Tue Dec 2 15:07:56 UTC 2014

I've been thinking and experimenting around some of the things we need
in this area to support 4.0 features, especially data classification

http://www.gluster.org/community/documentation/index.php/Features/data-classification

Before I suggest anything, a little background on how brick and volume
management *currently* works.

(1) Users give us bricks, specified by host:path pairs.

(2) We assign each brick a unique ID, and create a "hidden" directory
structure in .glusterfs to support our needs.

(3) When bricks are combined into a volume, we create a bunch of
volfiles.

(4) There is one volfile per brick, consisting of a linear "stack" of
translators from storage/posix (which interacts with the local file
system) up to protocol/server (which listens for connections from
clients).

(5) When the volume is started, we start one glusterfsd process for each
brick volfile.

(6) There is also a more tree-like volfile for clients, constructed as
follows:

(6a) We start with a protocol/client translator for each brick.

(6b) We combine bricks into N-way sets using AFR, EC, etc.

(6c) We combine those sets using DHT.

(6d) We push a bunch of (mostly performance-related) translators on top.

(7) When a volume is mounted, we fetch the volume and instantiate all of
the translators described there, plus mount/fuse to handle the local
file system interface.  For GFAPI it's the same except for mount/fuse.

(8) There are also volfiles for NFS, self-heal daemons, quota daemons,
snapshots, etc.  I'm going to ignore those for now.

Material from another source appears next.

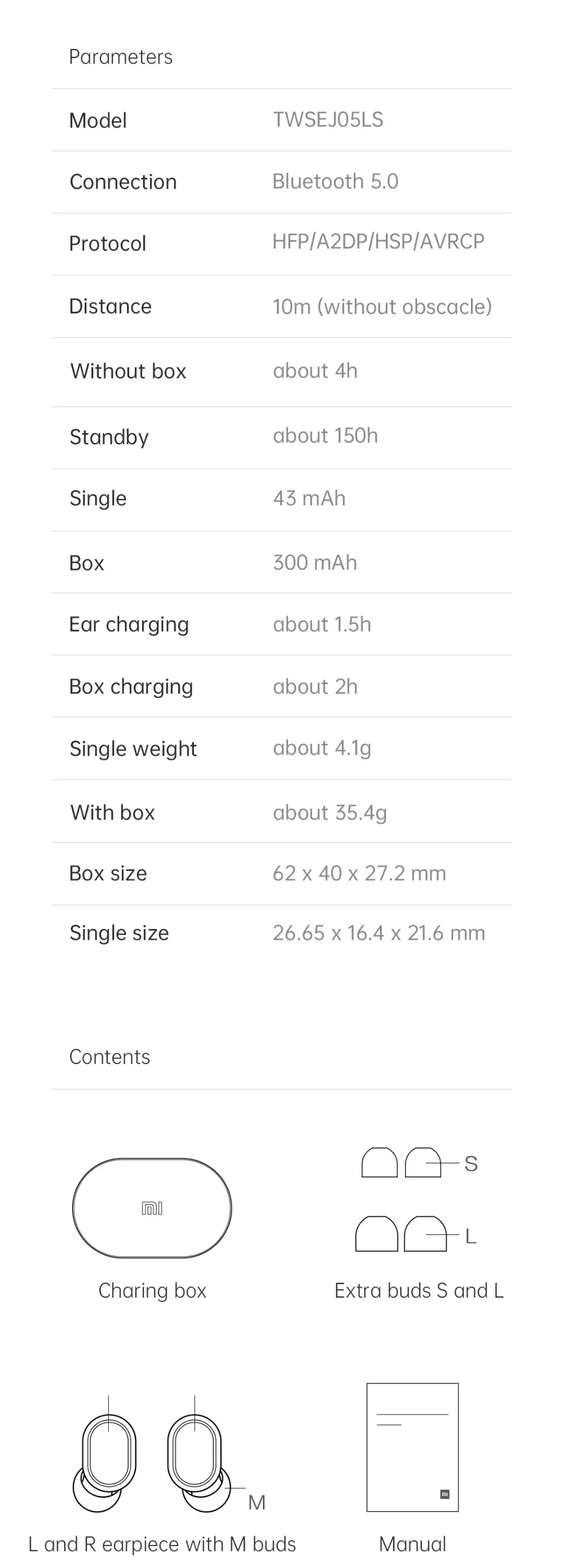 Зарядная коробка * 1 + наушник * 2 пары + наушники + руководство пользователя, нет микро-usb кабеля

The code for all of this is in glusterd-volgen.c, but I don't recommend
looking at it for long because it's one of the ugliest hairballs I've
ever seen.  In fact, you'd be hard pressed to recognize the above
sequence of steps in that code.  Pieces that belong together are
splattered all over.  Pieces that should remain separate are mashed
together.  Pieces that should use common code use copied code instead.
As a prerequisite for adding new functionality, what's already there
needs to be heavily refactored so it makes some sense.

So . . . about that new functionality.  The core idea of data
classification is to apply step 6c repeatedly, with variants of DHT that
do tiering or various other kinds of intelligent placement instead of
the hash-based random placement we do now.  "NUFA" and "switch" are
already examples of this.  In fact, their needs drove some of the code
structure that makes data classification (DC) possible.

The trickiest question with DC has always been how the user specifies
these complex placement policies, which we then turn into volfiles.  In
the interests of maximizing compatibility with existing scripts and user
habits, what I propose is that we do this by allowing the user to
combine existing volumes into a new higher-level volume.  This is
similar to how the tiering prototype already works, except that
"combining" volumes is more general than "attaching" a cache volume in
that specific context.  There are also some other changes we should make
to do this right.

(A) Each volume has an explicit flag indicating whether it is a
"primary" volume to be mounted etc. directly by users or a "secondary"
volume incorporated into another.

(B) Each volume has a graph representing steps 6a through 6c above (i.e.
up to DHT).  Only primary volumes have a (second) graph representing 6d
and 7 as well.

(C) The graph/volfile for a primary volume might contain references to
secondary volumes.  These references are resolved at the same time that
6d and 7 are applied, yielding a complete graph without references.

(D) Secondary volumes may not be started and stopped by the user.
Instead, a secondary volume is automatically started or stopped along
with its primary.

(E) The user must specify an explicit option to see the status of
secondary volumes.  Without this option, secondary volumes are hidden
and status for their constituent bricks will be shown as though they
were (directly) part of the corresponding primary volume.

As it turns out, most of the "extra" volfiles in step 8 above also
have their own steps 6d and 7, so implementing step C will probably make
those paths simpler as well.

The one big remaining question is how this will work in terms of
detecting and responding to volume configuration changes.  Currently we
treat each volfile as a completely independent entity, and just compare
whole graphs.  Instead, what we need to do is track dependencies between
graphs (a graph of graphs?) so that a change to a secondary volume will
"ripple up" to its primary where a new graph can be generated and
compared to its predecessor.

Any other thoughts/suggestions?